The UI overhaul is now stable.
I like the changes generally but they’re not that big. It’s an evolution rather than a revolution, and thats the right approach.
However I do find the Controller set up tool (for mapping buttons etc) to be trash now. The older version was far far better.
I love the new overlay UI while in game. The menus are smaller and take up less screen space so you don’t have the annoying problem of UI elements overlapping each other, unless it’s by user intent. When steam needs to open a chromium browser in the overlay, now there’s properly a tab feature and URL bar, which is HUGE when you’re trying to browse discussions or guides. The design and gray nature means it’s not difficult to read and is in line with the library UI update which has cleanly smoothed out the feeling of disconnect these past few months. Overall, props to the UI/UX people working behind this update, it looks great and functions even better!
Looks great and they managed to fix fractional scaling to your monitor (wouldn’t work forever on linux mint), was annoying squinting at tiny text.
I just wish it had a light mode.
There are a few settings you can set, to make it more light. I use it, because my computer is a bit old now. Open Steam Settings > Library and tick ON “Low Bandwidth Mode”, “Low Performance Mode”, “Disable Community Content” and disable “Show game icons in the left column”.
Depending on your system, either enable or disable the setting at Steam Settings > Interface > “Enable GPU accelerated renderin in web views” and “Enable hardware video decoding, if supported”.
These tweaks should help with an older system. And Steam has a very small mode too. In the main user interface menu at top, click View > Small Mode.
They might have meant light as opposed to dark, not “lite.”
Oh you are right, that makes totally sense. I was so focused on the performance side. In the past Steam allowed for custom skins, but they never looked great in my opinion or functioned well. If the UI is flexible enough, hopefully the custom skins will make a return. I would like to build my own custom client based on the official client.
JSYK for if you want extra performance: Steam also has a hidden “mini mode”, which you can run by adding this as a launchoption to a steam shortcut (or in a terminal)
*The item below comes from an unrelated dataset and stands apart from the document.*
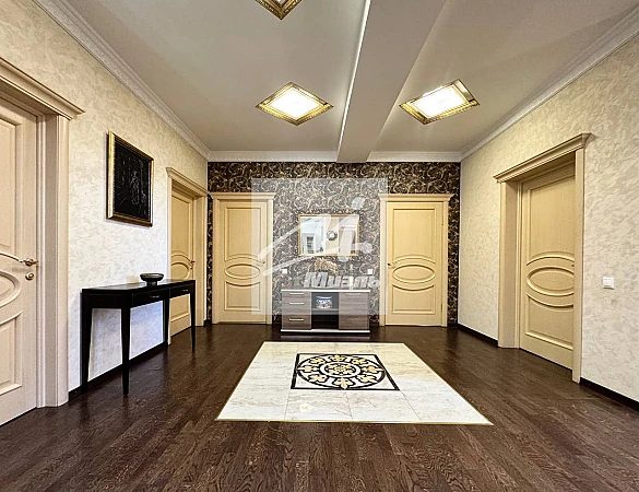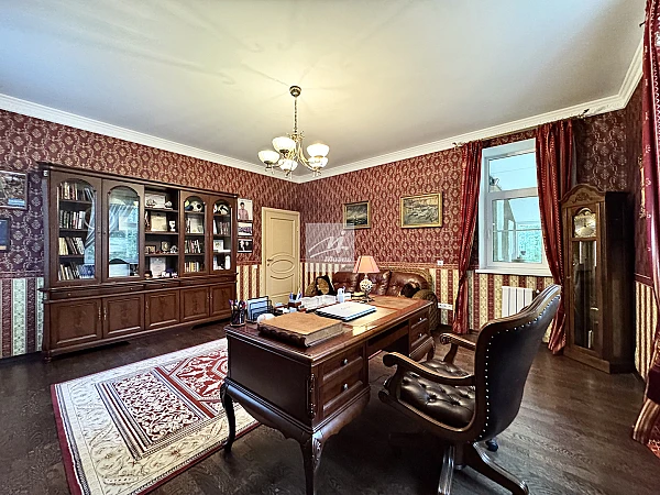 Обширное входное пространство (холл) с винтовой парадной лестницей, мастер-спальня с санузлом, гардеробной и балконом, и еще три гостевых спальни, библиотека, санузел.

steam://open/minigameslist
.Additionally, you can add the
-no-browser
launch option to completely disable the built-in webbrowser.I can’t find any official documentation about these options, but they are certainly there!
@Boabab Thanks for the suggestions! I am well aware of these options for years (but appreciate the suggestions nonetheless): https://gist.github.com/davispuh/6600880
The Mini mode is very limited and won’t stay mini and switches back to normal when doing anything else than starting a game. no browser mode will also break a lot of functionality of Steam. So these options aren’t what I am looking for (have tried them in the past). But overall I am fine with it at the moment. Just mentioned above suggestions to reduce some load for older systems, without losing functionality.
I wish the UI itself would be open source, that connects to the proprietary Steam service. That would be acceptable. It would allow us to write any user interface we need or want (like 100% CLI only ui, I don’t mean just starting a game with a shortcut, I would love that).
You’re welcome! And I agree, a ligtweight Open Source front end would be amazing! I know there is a CLI version of Steam (SteamCMD), but I’m not sure how much of the regular Steam functionality is built into that
Unfortunately, as good as it sounds first, SteamCMD is not what we are looking for. It is just for dedicated servers that use a special Steam API/service. Its needed to install some server applications for those games I think, for developers guess (not sure). Don’t completely understand either… But not something we need or can use for regular gaming.